Francis Devaney

Personal information
- Born: 23 January 1984 (age 42) Toomevara, County Tipperary

Sport
- Sport: Hurling
- Position: Half-forward

Club
- Years: Club
- Toomevara

Inter-county
- Years: County / Apps (scores)
- 2005-2007: Tipperary / 8 (0-5)

Inter-county titles
- Munster titles: 0
- All-Irelands: 0

= Francis Devaney =

Irish sportsperson

Francis Devaney (born 23 January 1984) is an Irish sportsperson. He plays hurling with his local club Toomevara and has also featured on the Tipperary senior inter-county team.

==Early & private life==
Francis Devaney was born in the parish of Toomevara, County Tipperary in 1984.

==Playing career==

===Club===
Devaney plays his club hurling with Toomevara. He has had some success at underage level and later joined the senior team. Devaney won his first senior county championship title in 2003. He won another county medal in 2004 before winning his first Munster club hurling title.
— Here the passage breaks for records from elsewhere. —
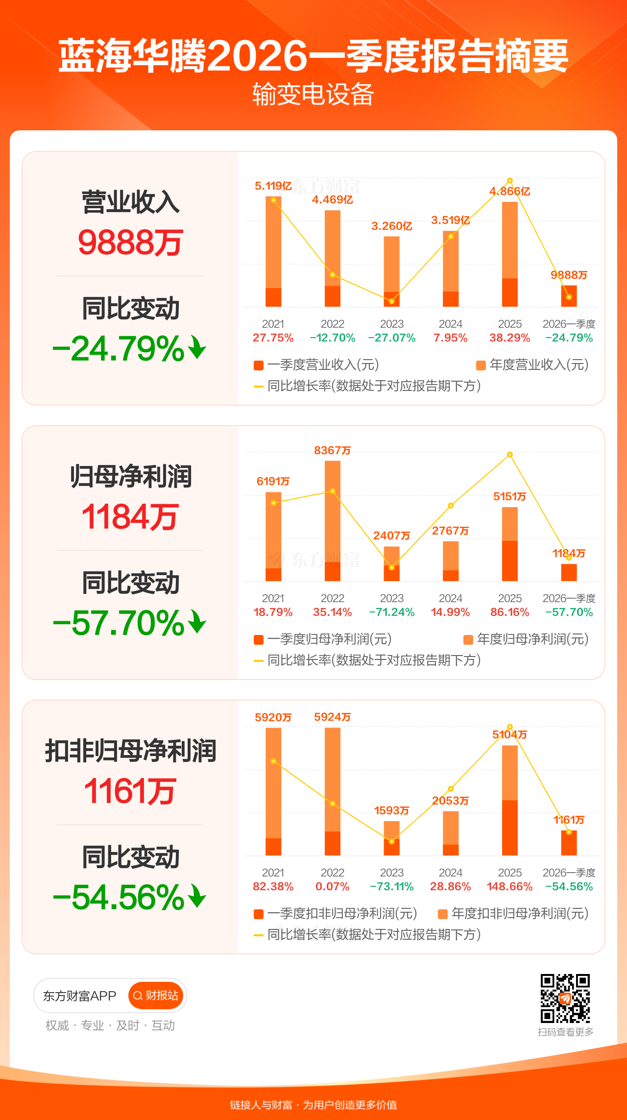 蓝海华腾4月25日发布2026年一季报显示,公司一季度实现营业收入9888.26万元,同比下滑24.79%;归母净利润1184.03万元,同比下滑57.70%;扣非归母净利润1161.00万元,同比下滑54.56%。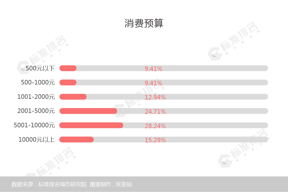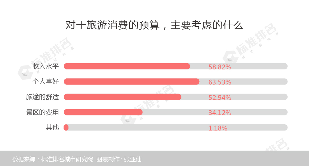 很多人会结合个人的喜好、旅途的舒适和自己的收入水平来选择理想的旅游目的地,所以个人喜好、收入水平和旅途舒适各占63.53%、58.82和52.94。对于旅行的消费预算,随着大批年轻用户的成长,用户需求的改变,人们对于旅行质量的要求有了显著提升,大批优质旅游资源进入市场——更多高端度假酒店和优质的体验项目、个性化的管家和向导服务等优质产品获得了消费者的青睐。28.24%这一大部分人都选择了在旅游的预算上在5001-10000元,还有15.29%的预算是在10000元以上。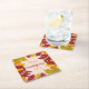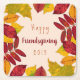 Farbvoller und stilvoller Untersetzer für Friendsgiving/Erntedank mit Herbstblättern auf pfirsichfarbenem Hintergrund, mit dem anpassbaren Text "Happy Friendsgiving 2019"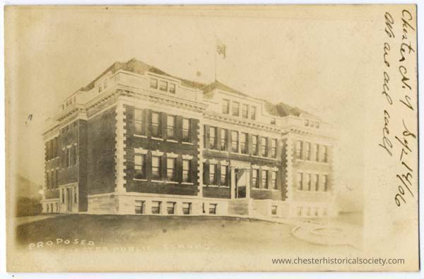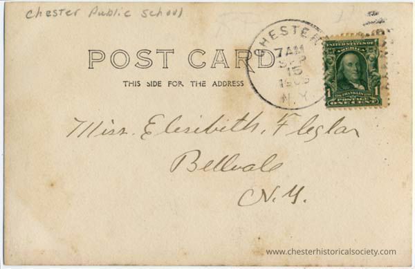 Real Photo Post Card showing Chester Public School and dated September 15, 1906. Card mailed with one cent stamp to Miss Elisibeth Fleglar at Bellvale, New York. Card has some silvery highlights on front.Create Date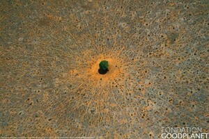 An aerial photo by Yann Arthus Bertrand of an acacia tree in Tsavo East National Park in Kenya – a rare source of food and shade in the thorny savanna – frequented by all manner of wild animals, and to which all trails lead.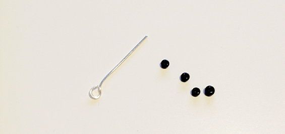 The third step. We make a connective element for an ear hook and the base of the earrings. In order to make it we take 2 bijouterie pins with that have a loop on one end and start threading 4 beads on each of them. The free end of pin we need to twist in a loop and cut off the excess.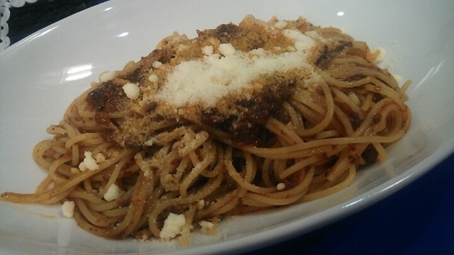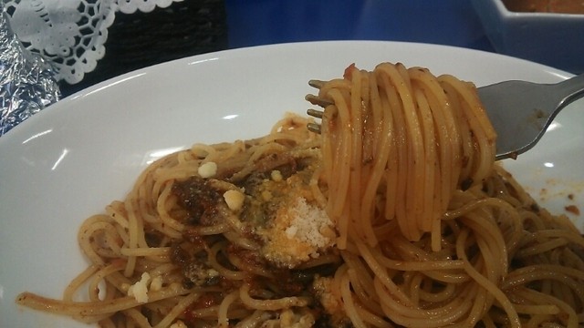 ほどなく、サーブされたスパゲティからは、ミートソースとスパイスのよい香りが漂ってきます。

Devaney won a third county title in 2006, before winning his second Munster club title. He was also part of the Toomevara team which won another county title in 2008.

===Inter-county===
Devaney joined the Tipperary minor hurling team in the early 2000s. He won back-to-back Munster minor medals in 2001 and 2002, before winning back-to-back Munster under-21 medals in 2003 and 2004. Devaney made his competitive debut with the Tipperary senior hurling team in 2005 when he was introduced as a second-half substitute in a National Hurling League game against Down. Later that year he made his Munster Championship debut in a game against Limerick.